Lipid biosynthesis pathway including de novo fatty acid synthesis and elongation, and TAG synthesis. A total of 87 DEGs were identified from 376 lipid-related DEGs, which were placed in the pathway. The first seven columns represent the seven time points of Ha vs L (from left to right: 15–65DAF and 85DAF) and the last seven columns represent the seven time points of Hb vs L (from left to right: 15–65DAF and 85DAF), and the rows indicates the different lipid-related DEGs, which were placed near the enzyme name to show the differences in the expression of enzyme-encoding genes at different stages. Each block represents the relative expressions of DEGs using the log2 fold change of relative intensity in high-oil varieties (Ha and Hb) compared with low-oil variety (L). Red represents up-regulation of genes, while blue represents down-regulation of genes

There is increasing evidence that many TFs participate in lipid synthesis, during which they activate some key enzymes related to oil biosynthesis to induce oil accumulation (Baud and Lepiniec 2010; Courchesne et al. 2009). The ABI3, FUS3, -LEC1, and LEC2 genes encode the master regulators of gene networks governing most seed developmental mechanisms (To et al. 2006; Wang and Perry 2013). A recent study confirmed that ABI3 is an important regulator of oil accumulation and revealed for the first time the direct correlation between ABI3 overexpression and increased lipid contents in plants (Pouvreau et al. 2020). The main effects of LEC1, LEC2, and FUS3 on lipid accumulation are due to their direct or indirect regulation of the expression of the WRINKLED1 (WRI1) TF gene (Marchive et al. 2014). The WRI1 TF gene belongs to the AP2/EREBP family (Cernac and Benning 2004; Riechmann et al. 2016). This TF directly regulates the accumulation and storage of oil in seeds and mediates the production of enough oil for developing seeds (Cernac et al. 2006). The overexpression of WRI1 in A. thaliana can increase the fatty acid content, but also regulates pyruvate kinase, ACCase, the biotin carboxyl carrier protein, and enoyl-ACP reductase, which affect glycolysis and the fatty acid biosynthesis pathway (Baud et al. 2009; Courchesne et al. 2009; Liu et al. 2010; Maeo et al. 2009). The protein encoded by the WRI1a gene can actively regulate oil accumulation in soybean (Chen et al. 2018a). Other studies demonstrated that Dof (DNA binding with one finger), which is a plant-specific TF, regulates fatty acid synthesis (Diaz et al. 2002; Ibanez-Salazar et al. 2014). The 28 Dof genes in soybean are involved in the regulation of oil synthesis. The overexpression of GmDof4 and GmDof11 can increase the expression of genes encoding ACCase and long-chain acetyl-CoA synthetase, while also increasing the total fatty acid and lipid contents in transgenic A. thaliana seeds (Wang et al. 2007). The fatty acid synthesis-related TF genes identified in this study belonged to the ABI3VP1, AP2-EREBP, and C2C2-Dof families, with 291, 253, and 70 predicted genes, respectively. Among these genes, the expression levels of 11 genes differed significantly among the varieties, including three ABI3VP1 genes, six AP2-EREBP genes, and two C2C2-Dof genes (Supplementary Fig. 4).

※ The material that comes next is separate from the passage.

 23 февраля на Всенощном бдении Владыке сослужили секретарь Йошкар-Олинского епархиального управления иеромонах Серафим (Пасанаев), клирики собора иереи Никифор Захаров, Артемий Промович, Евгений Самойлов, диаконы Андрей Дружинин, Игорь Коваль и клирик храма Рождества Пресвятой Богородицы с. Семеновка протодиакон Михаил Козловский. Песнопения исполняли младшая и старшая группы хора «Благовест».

The mechanism underlying the oil formation and accumulation in peanut and other oil crops is very complex because of the joint regulation of a series of genes and the fact, that it is affected by both genetic factors and external factors. The rapid development and subsequent application of molecular biology research techniques have enabled in-depth investigations of the enzyme systems associated with the oil biosynthesis pathway, which have revealed the general mechanism regulating the oil biosynthesis in oil crops. However, peanut is an amphidiploid plant species and its large genome (> 2.5 GB) complicate molecular studies. In this study, we identified 57 candidate genes encoding the enzymes and 11 TFs affecting oil accumulation during the seed developmental in peanut varieties with high and low oil contents. These genes were analyzed in terms of their effects on the oil content and their expression levels and may play a major role in the determination of the final oil content in peanut varieties. Further studies should confirm the results of this study, while also examining protein expression levels, protein modifications, and enzyme activities.

Conclusions

We analyzed the oil accumulation and transcriptome dynamic process during the seed development of three peanut varieties. We speculated that two crucial time-points, 35 and 45 DAF, were responsible for the oil content differences among the examined varieties. We finally identified 57 candidate genes that affected peanut oil content. The up-regulated lipid DEGs of comparing two high-oil varieties with a low-oil variety were significantly related to fatty acid synthesis, of which three DEGs encoded acetyl CoA, and three DEGs belonged to KASIII, HAD and ER in type II FAS. We combined phenotypic data and differential expression analysis to reveal the molecular basis of peanut seed oil synthesis, which lay a foundation to further understand the seed oil accumulation process and provide candidate genes for molecular breeding to improve peanut seed oil content.

Materials and Methods

Plant Materials and Sample Collection

Three peanut varieties, W191 (Ha, high oil; 58% oil content), YH15 (Hb, high oil; 54% oil content), and JT1 (L, low oil; 44% oil content), with varying mature seed oil contents were used in this study. The three varieties were provided by the Henan Academy of Agricultural Sciences, Zhengzhou, China. The plants were grown at the Henan Modern Agricultural Research and Development Base. Each variety was planted with 10 rows, 40 plants per row, and the row spacing was 40 cm, which was managed uniformly in the field. During the early stage of flowering, undesirable pollination was prevented via artificial bud removal. When the plants reached the full flowering stage, the flowers were maintained on plants for 3 days and marked with a string. After that, the new buds were removed for 15 days to prevent undesirable pollination and ensure the accuracy and uniformity of the samples. After the gynophores entered the soil and developed into pods, we collected the seeds at different time-points (from 25 to 95 DAF). Additionally, we also selected and examined the aerial pegs at 15 DAF to analyze the transcriptome activity before pods formed. We selected freshly harvested seeds with similar phenotypes at the same developmental stages for analyzing the total oil contents (three repeats of each ten uniform pods per sample) and extracting RNA. All samples collected for the transcriptome analysis were immediately frozen in liquid nitrogen and then stored at -80 °C.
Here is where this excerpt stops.